Poised to make the most of the possibilities is an emerging private space industry. Nowadays, it is often feared that Americans have lost their ability to compete in new, risky, high-technology ventures. Yet there are plenty of space entrepreneurs champing at the bit to do just that. Whether or not they get their chance—and the potential benefits of space transportation and development come to be realized—depends on the course taken by the federal government."
James Bennett
"The Second Space Race"

43 years ago

April 1979

"Throughout the '70s we grew accustomed to thinking of outer space as theater.

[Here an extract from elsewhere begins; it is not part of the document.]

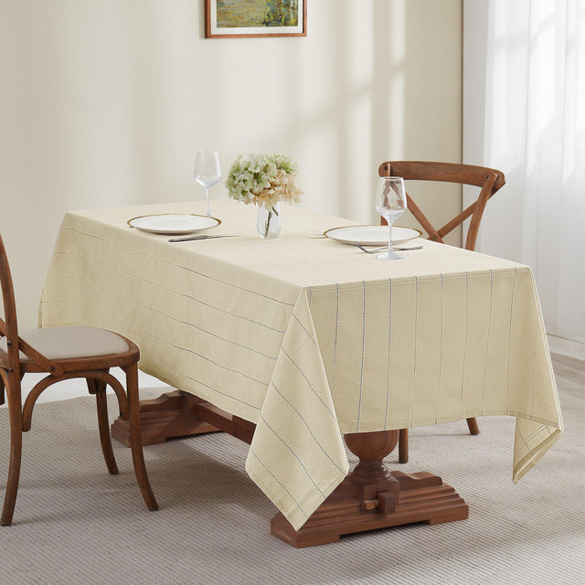 The Izod Chadwick Lurex 60 in. x 84 in. Tablecloth features a textured woven windowpane design with gold or silver lurex added for a bit of sparkle. The windowpane is made up of 3 in. squares bordered with double-woven rows and hem-stitched lines. Made of 55% cotton, 45% polyester for softness, easy care. Machine washable.

The Apollo landings, the Viking Mars missions, planetary fly-bys—all were interesting entertainment, both for the TV-watching public and the publicly supported scientists who designed the on-board experiments. But the scientists and engineers planning the space projects of the '80s speak the language of the entrepreneur—rates of return, payback periods, cost per pound—as well as that of the technologist."
Robert Poole
"There's a New Age Dawning"

"First, such a move would provide 'global insurance' for human civilization and for terrestrial life (including a wide variety of life forms besides Homo sapiens)—insurance against total extinction by a global catastrophe of either human or natural origin. Second, space industrialization can counter the adverse environmental impact of terrestrial mining and manufacturing, even beyond the improvements we will obtain once we cease mining of fossil hydrocarbons for energy. Third, the move into space will provide satisfaction for the very real human need to explore."